Quebec House is the birthplace of General James Wolfe on what is now known as Quebec Square in Westerham, Kent, England. The house is listed Grade I on the National Heritage List for England since September 1954.

The house dates from the mid 16th century but much of the current appearance is from the 1630s. It was originally called Spiers but renamed in honour of Wolfe's death and victory at the Battle of Quebec in 1759. The house is now owned by the National Trust and open to the public with paintings and memorabilia relating to Wolfe's life.

==History==
Originally called Spiers, the house was built between 1530 and 1550 as a timber-framed L-shaped building. It was altered in the 1630s, when the current exterior was added.

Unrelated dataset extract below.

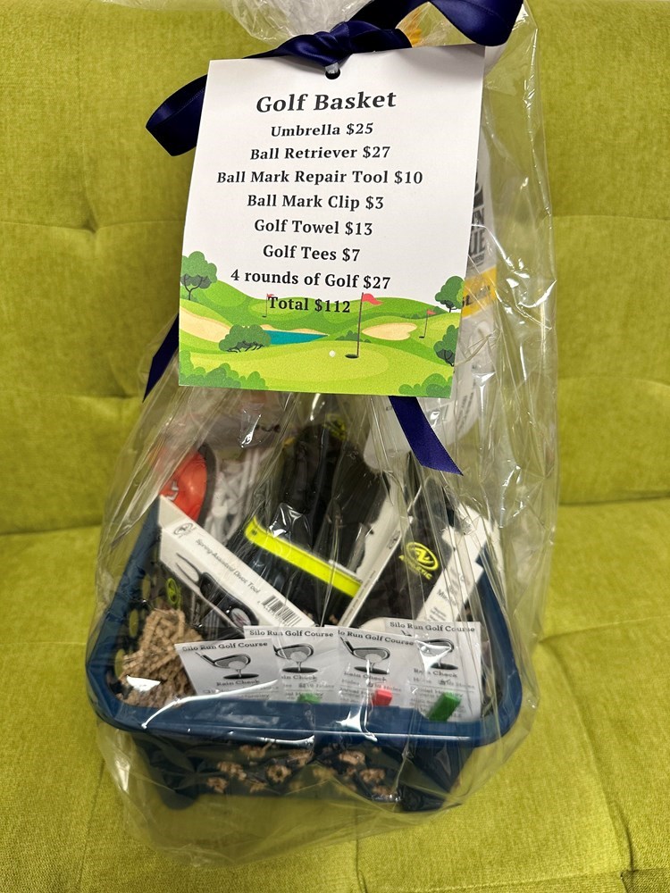 Golf Basket includes: 4 Rounds of 18 Holes of Golf at Silo Run Golf Course Umbrella Ball Retriever Ball Mark Repair Tool Ball Mark Clip Golf Towel Golf Tees
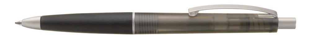 Druckkugelschreiber mit transparent gefrostetem Schaft und Gummigriffzone. Geschwungener Metallclip. Drücker, Zierring und Spitze in matt silber.

James Wolfe was the son of a distinguished general, Edward Wolfe who rented Spiers. Wolfe lived there from 1728 until 1738.

The house was renamed after his victory at the Battle of Quebec. It was occupied in 1911 by Canadian author Henry Beckles Willson and his family. Joseph Bowles Learmont of Montreal acquired the house and presented it to the National Trust in 1917.

==Architecture and contents==

The square brick building has two storeys and an attic with a tiled pitched roof. The three-bay front has three equal gables. There is a water pump by the back door which dates from 1792. A blue plaque along the outer brick wall marks the entrance of the Wolfe's home.

Various pictures relating to the life of General Wolfe are displayed in the house. The purchase of two portraits was assisted by the Art Fund.

The house is surrounded by a garden stocked with plants which would have been available in the 18th century. The coach house has been converted into a tea room and bookshop with an exhibition on the battle and on Wolfe's life. The house itself contains memorabilia and paintings connected to him.